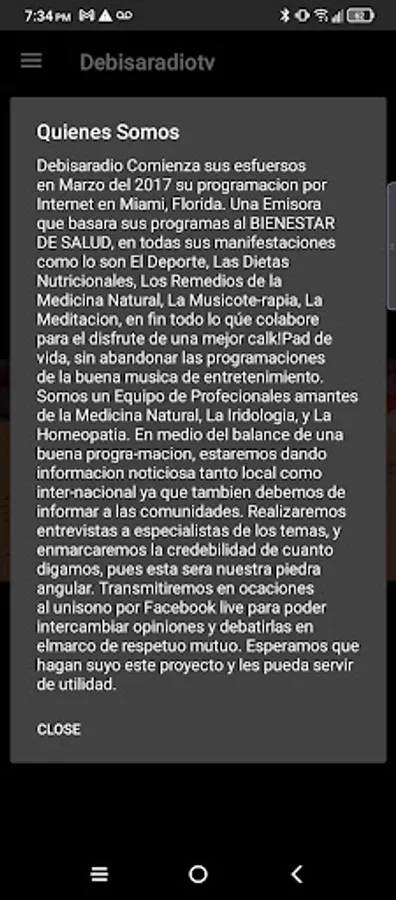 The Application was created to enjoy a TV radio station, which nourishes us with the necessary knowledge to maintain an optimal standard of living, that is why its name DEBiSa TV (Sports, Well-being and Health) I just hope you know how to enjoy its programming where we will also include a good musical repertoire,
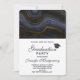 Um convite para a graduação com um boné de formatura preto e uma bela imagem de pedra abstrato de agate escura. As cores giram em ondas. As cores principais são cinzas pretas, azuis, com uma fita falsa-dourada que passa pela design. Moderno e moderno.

==

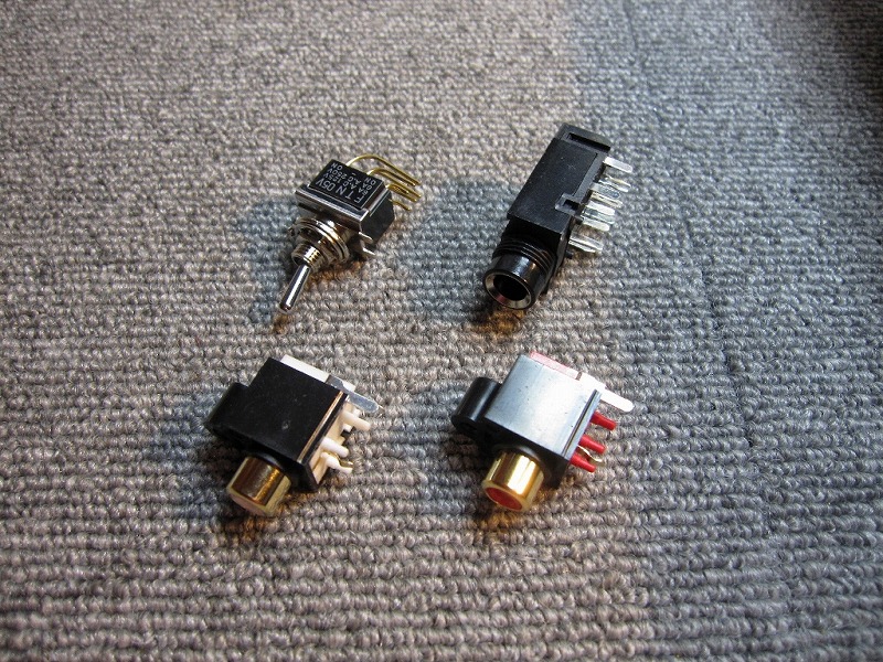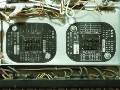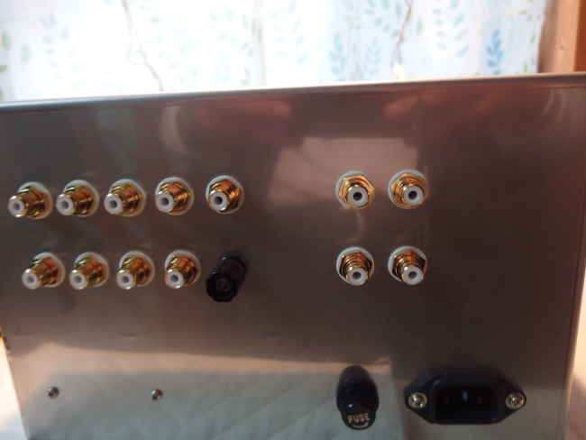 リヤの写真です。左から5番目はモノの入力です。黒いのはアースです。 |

### Activity
Beginning with the line above that has "The Application was" and going on through the line that has "Um convite para", retype every line exactly and add nothing else; drop the pictures.

### Reply
 The Application was created to enjoy a TV radio station, which nourishes us with the necessary knowledge to maintain an optimal standard of living, that is why its name DEBiSa TV (Sports, Well-being and Health) I just hope you know how to enjoy its programming where we will also include a good musical repertoire,
 Um convite para a graduação com um boné de formatura preto e uma bela imagem de pedra abstrato de agate escura. As cores giram em ondas. As cores principais são cinzas pretas, azuis, com uma fita falsa-dourada que passa pela design. Moderno e moderno.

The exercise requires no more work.